New outreach programs such as Mollusks on the Move, launched in 2017, brought the Museum’s mission and educational offerings to new populations of K-12 students throughout Southwest Florida and today serves over 15,000 children.

In 2019, work began on the most significant transformation of the Museum since the institution’s 1995 opening. A major renovation resulted in a welcoming new Museum entrance, a flexible space for temporary exhibitions and events, and – most consequentially – the Living Gallery of Aquariums and Marine Life. Exhibiting over 300 animals and 60 species of marine life, the new aquarium exhibits opened in 2020 and bring to life mollusks from diverse marine habitats both local and global including octopuses, conchs, clams, cuttles, squids, cones, whelks, sea hares, and many more. In 2021, Sam Ankerson joined as Executive Director with a focus on broadening programs, building audiences, and growing partnerships regionally and nationally to help grow and further the impact of the Museum and its mission. In August 2022, the Museum earned accreditation by the Association of Zoos and Aquariums (AZA), becoming one of only about a dozen institutions to be accredited by both AAM and AZA.

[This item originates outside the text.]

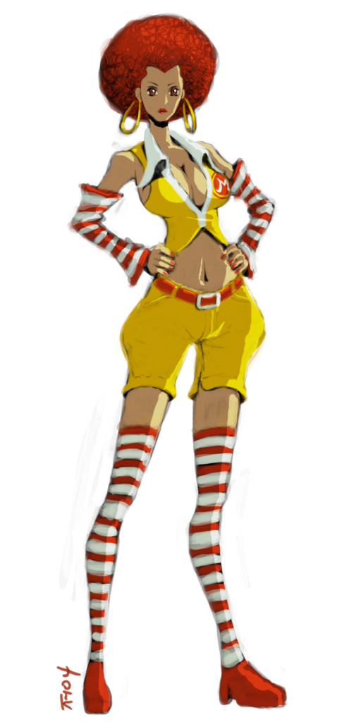 1girlafrobeltbreastscleavagedark skindark-skinned femaledetached sleevesearringsfemale focusgenderswapgenderswap (mtf)jewelrylarge breastslipsnavelred eyesred hairsatireshortssolostriped clothesstriped thighhighsthighhighs

==Hurricane Ian & Recovery==
In September 2022, Category 4 Hurricane Ian struck Sanibel, causing catastrophic damage to the Museum including the destruction of the Living Gallery of Aquariums and major damage to the gallery housing the permanent exhibits of shells, known as the Great Hall of Shells. Thanks to an outpouring of support from the Museum’s friends, partners, and constituents, and the resilience of the communities of Sanibel and Southwest Florida, the Museum rebuilt and reopened to the public in March 2024. As part of the rebuilding, the Museum updated, expanded, and improved its permanent exhibits in both the Living Gallery of Aquariums and the Great Hall of Shells.